This paper examines Harpur’s ‘The Slave’s Story’ (1855, 1863, 1868), in which an enslaved Black man retells his kidnapping to a white traveller. Relaying a Black man’s voice for the majority of the text, the manuscript poem is part of nineteenth-century white abolitionist print culture, in which enslaved people are ventriloquised to elicit sympathy and political support. Written post-British abolition and during the height and aftermath of US slavery debates, I argue that Harpur draws on these circumatlantic currents to bolster his vision of the poet as a Romantic democratic artist engaged with global as well as national politics.

After situating ‘The Slave’s Story’ amongst abolitionist literature circulating in Australia (poetry, reports, essays, theatrical adaptations), including the influential work of Emerson, I read the racialised Romantic politics of character and voice in the poem, building on work on Harpur’s racial character (Ackland, 1988) and use of perspective (Falk, 2019). Like the earlier ventriloquised ‘The Aboriginal Mother’s Lament’ (1845, 1853) and much abolitionist poetry, Harpur inverts racialised assumptions of character, making his Black speaker an innocent parental figure and portraying the white enslaver as a manipulative monster. Incorporating third person sketch, first person lyric and second person address, Harpur triples the reader’s perspective so they are simultaneously disembodied spectator, Black slave and white listener, asking the reader how it would feel to not only experience such a story but hear it and to respond to it too. An exercise in attempted cross-racial empathy and sympathy, Harpur utilises a vulnerable colonised voice to engender white civic development in the emerging nation.

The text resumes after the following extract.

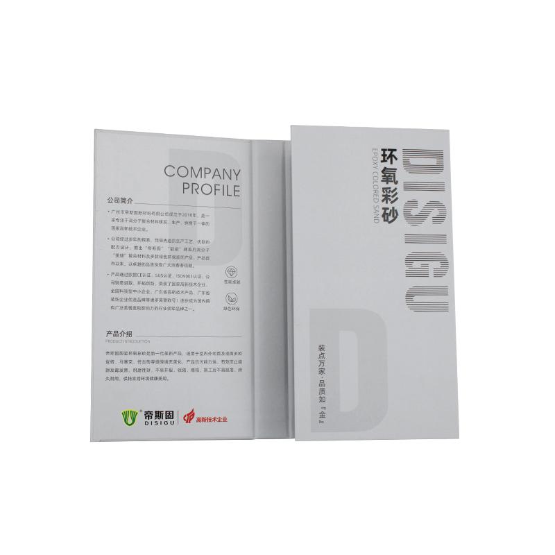 2) المواد: ورق فني C2S 157 جرامًا للمتر المربع، ورق مقوى رمادي 1200 جرامًا للمتر المربع
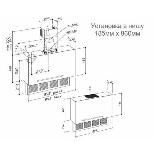 Вытяжка Sirius UPRIGHT TC 90 см НЕРЖ-ЧЁРНОЕ СТЕКЛО

Hannah Murray is Lecturer in English at La Trobe University, and an Honorary Fellow at the University of Melbourne. Her first book Liminal Whiteness in Early US Fiction (Edinburgh, 2021) examines fluid and precarious whiteness in American fiction 1798-1857 and additional work on race and literature has appeared in English, The Eighteenth Century, Gothic Studies, and The Oxford Handbook of Charles Brockden Brown. She is currently researching a project on racial transformation in colonial Australian literature, including literary engagement with the circumatlantic slave trade.